The European Commission Economic Sentiment Indicator showed a decline in July to 112.1 from 112.3 in June. The drop was a little better than the consensus forecast and the breakdown showed a dip in manufacturing confidence, while services sector confidence rose to 15.3 from 14.4 in the previous month. However, despite this small fall the index remains consistent with steady growth across the Eurozone, as it is still above its long-run average. The data is in line with the ECB's central scenarios, and re-affirms last week’s caution from ECB President Draghi that protectionism poses a ‘risk to otherwise healthy global growth’. Eurozone Q2 GDP is released today and is expected to have expanded by 0.4%. China’s manufacturing PMI meanwhile slipped to 51.2 in July from 51.5 in June, while the non-manufacturing PMI stood at 54 down from 55. The weaker performance helps explains the government’s raft of fiscal and monetary policy support measures announced last week which is having the effect of softening the CNY.
Turkey’s economic confidence index rose for the first time in 2018 in July, climbing to 92.2 from June’s 90.4. The improvement in the headline index was broad based, with consumer, service sector, retail trade and construction confidence all posting improvements, and only real sector confidence slipping. That being said, the index has fallen markedly since the 104.9 recorded in January.
Source: Bloomberg, Emirates NBD Research
U.S. Treasuries extended their declines on Monday following market expectations that the Bank of Japan may announce tweaks in its monetary stimulus, with U.S. 10 year yields rising to session highs and six-week highs just shy of 3% (2.99%).

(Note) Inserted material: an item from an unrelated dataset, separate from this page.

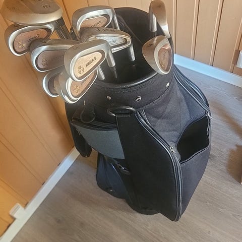 Arvet dette golf sette av min far denne sesongen jeg begynte å spille golf. Settet er litt eldre men fungerer super bra. Baggen er en tralle bag men er mulig å bruke uten tralle da den har en arm stroppe.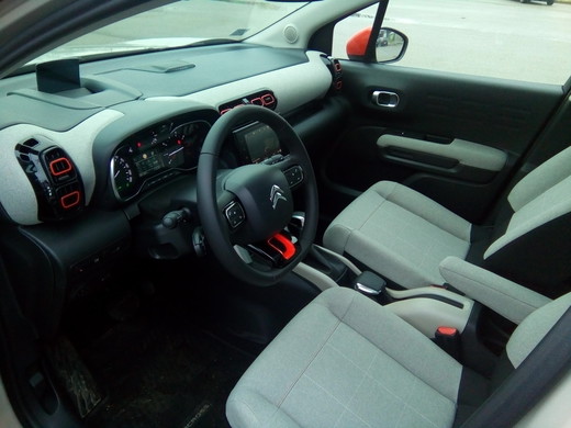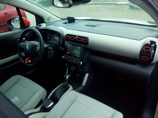 Jaunais “C3 Aircross” ir aprīkots ar modernākajām tehnoloģijām, ieskaitot 12 vadītāja palīgsistēmas, četras viedtālruņa savienojamības tehnoloģijas un bezvadu uzlādes iespēju. Jauniešiem noteikti patiks! Futūristiskais interjera dizains gan nav tik radikāls kā “C4 Cactus”, taču tas ir ieturēts vienotā avangardiskā stilā, iedvesmojoties no pagājušā gadsimta 70.gadu kubisma tradīcijām. Te ir daudz telpas, daudz gaismas un daudz sīklietu novietņu. Panorāmas stikla jumts nodrošina vieglu un gaisīgu sajūtu salonā. Priekšējie sēdekļi ir ļoti ērti, aizmugurējie spēj nodrošināt pienācīgu plašumu arī pieaugušajiem. Tie ir nolokāmi attiecībā 60/40 un pie tam vēl arī bīdāmi, lai pēc nepieciešamības nodrošinātu vairāk vietas sēdošajiem vai arī lielāku bagāžnieku, kura apjomu iespējams variēt 410-520 litru robežās. Kopējais kravas pārvadāšanas apjoms, nolokot aizmugurējos sēdekļus, kā arī priekšējo pasažiera sēdēkli, var tikt palielināts līdz iespaidīgiem 1289 litriem. Testa braucienā pārliecinājāmies, ka auto ir piemērots jaunajām ģimenēm, jo bērnu ratiņi (izjauktā veidā) viegli ietilpst 520 litru bagāžniekā.

This morning treasuries have gained as the curve has experienced flattening after the BOJ maintained monetary policy (see macro). As we go to print 2 year yields sit at 2.65%, while 5 year yields and 10 year yields sit at 2.83% and 2.95% respectively.
JPY has weakened in the aftermath of the Bank of Japan meeting, USDJPY trading 0.25% higher at 111.34. We expect support at the 110.85 level (61.8% one year Fibonacci retracement) and resistance at 112.33 (76.4% one year Fibonacci retracement).
Yuan weakness remains a theme at the start of the week after hitting one year lows last week. Its softness reminds markets that the trade spat is far from over and is a negative factor for other regional currencies. Soft PMI activity data from China overnight also underscores the Chinese authorities’ effort to provide an offsetting fiscal and monetary stimulus seen last week.
Developed global equity markets closed in the red yesterday following a lack of risk appetite in the market. In the U.S. the S&P 500 closed 0.58% lower, while Nasdaq fell by 1.39%. Equities in the Eurozone shared similar fates with the DAX declining by 0.48% and Euro Stoxx 50 losing 0.38%.
This morning, Asian equity markets are having mixed performances and the Nikkei is currently down 0.21% while the Shanghai composite is unchanged.
Brent futures closed at USD74.78/b overnight, a 0.9% gain on Friday’s close, and the highest level in two weeks. WTI also gained, rising 2.1% on Friday’s close and narrowing some of the wider spread that had emerged last week. There are a number of upside pressures currently in play, including industrial action planned at three North Sea fields, the suspension of Saudi Arabian crude shipments through the Bab el-Mandeb following an attack on oil tankers last week, and the ongoing threat to Iranian volumes owing to pressure from the US.